Scala: Dynamic Dispatch

Question

Consider this Scala code:

class X {
    def m(a:A) = a.f(this) + ", " + "m(a:A) in X"
}

class Y extends X {
    override def m(a:A) = a.f(this) + ", " + "m(a:A) in Y"
}

class Z extends Y

class A {
    def f(x:X):String = "f(x:X) in A"
    def f(y:Y):String = "f(y:Y) in A"
}

class B extends A {
    override def f(x:X):String = "f(x:X) in B"
    def f(z:Z):String = "f(z:Z) in B"
    def g(x:X):String = super.f(x) + ", " + "g(x:X) in B"
    def h(y:Y):String = B.g(y) + ", " + "h(y:Y) in B"
}

object B {
    def f(x:X) = "f(x:X) in ObjB"
    def g(y:Y) = f(y) + ", " + "g(y:Y) in ObjB"
    def g(z:Z) = f(z) + ", " + "g(z:Z) in ObjB"
}

class C extends B {
    override def f(y:Y):String = "f(y:Y) in C"
    def h(z:Z):String = super.h(z) + ", " + "h(z:Z) in C"
    def k(x:X):String = x.m(this) + ", " + "k(x:X) in C"
}

The question given is: Give the output of running the following program:

val z: Z = new Z; val x: X = new Y
val c: C = new C; val a: A = new B
println(a.f(x)); println(a.f(z))
println(c.g(z)); println(c.h(z))
println(c.k(x))

I cannot seem to fully understand the output given. Here's what I think happens:

println(a.f(x)) = "f(x:X) in B"
println(a.f(z)) = "f(z:Z) in B"
println(c.g(z)) = "f(y:Y) in A, g(x:X) in B"
println(c.h(z)) = "f(y:Y) in A, g(y:Y) in ObjB, h(y:Y) in B, h(z:Z) in C"
println(c.k(x)) = "f(y:Y) in C, m(a:A) in Y, k(x:X) in C"

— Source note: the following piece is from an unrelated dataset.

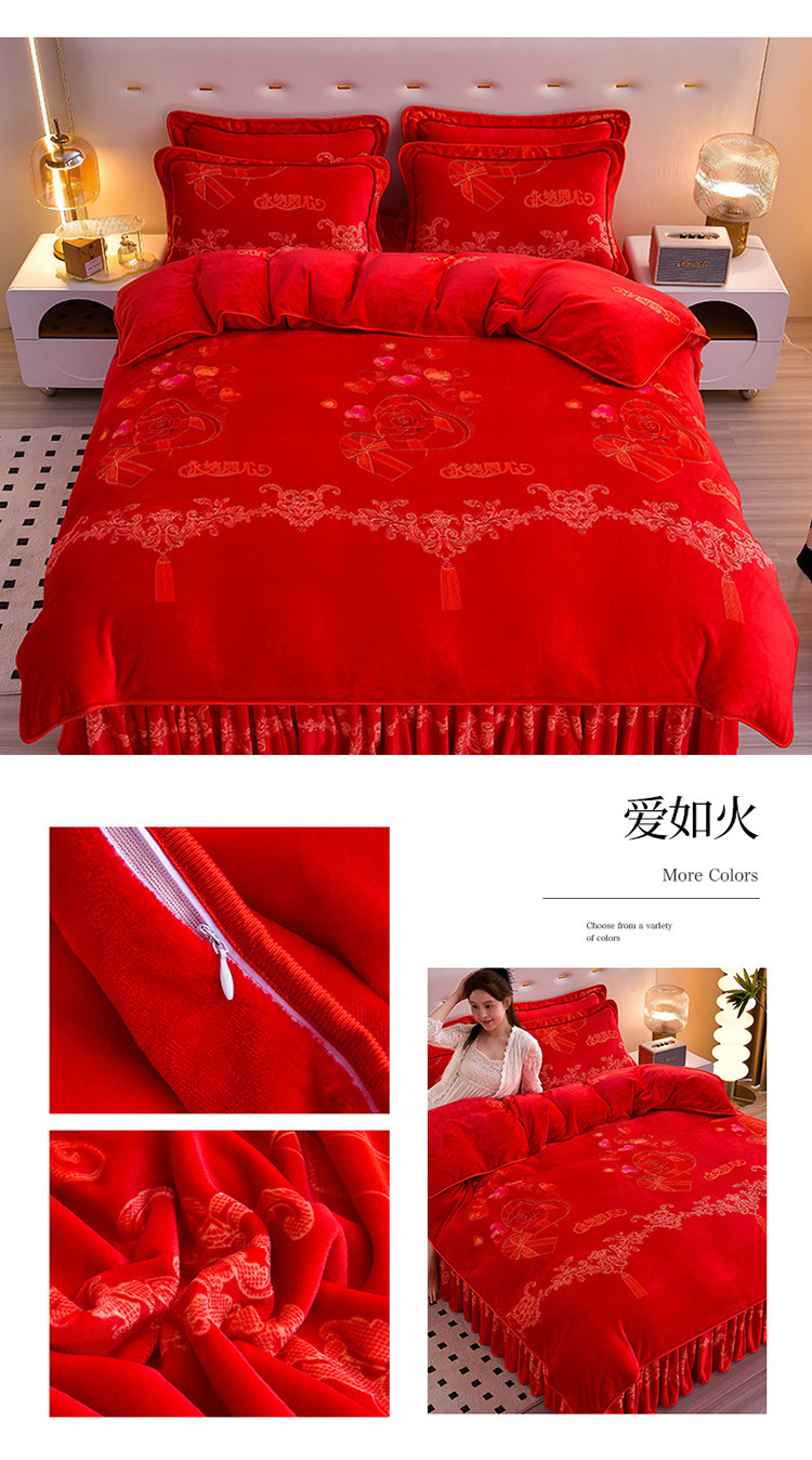 商品名称:贝诗梦 2022新款加厚230克9斤牛奶绒金貂绒四件套爱如火

Yet, when I actually put the code into REPL, I get a different result:

println(a.f(x)) = "f(x:X) in B"
println(a.f(z)) = "f(y:Y) in A"
println(c.g(z)) = "f(x:X) in A, g(x:X) in B"
println(c.h(z)) = "f(x:X) in ObjB, g(y:Y) in ObjB, h(y:Y) in B, h(z:Z) in C"
println(c.k(x)) = "f(y:Y) in C, m(a:A) in Y, k(x:X) in C"

Why is this? I know that it is something to do with how overloaded methods are selected, but I could not find a single resource that precisely specifies how to determine which methods are selected, and when. If someone could explain the exact process, I would be grateful.

Answer 1

I don't think this has anything to do with linearization as there is no multiple inheritance in the example. This example is about dispatch with methods overriding and overloading.

First we need to separate "actual type" and "declared type". For examlpe in

val x: X = new Y

for variable x declare type is X and actual type is Y. You can't change actual type of a value but you can assign value of some actual type to variables of different declared types if they are super-types.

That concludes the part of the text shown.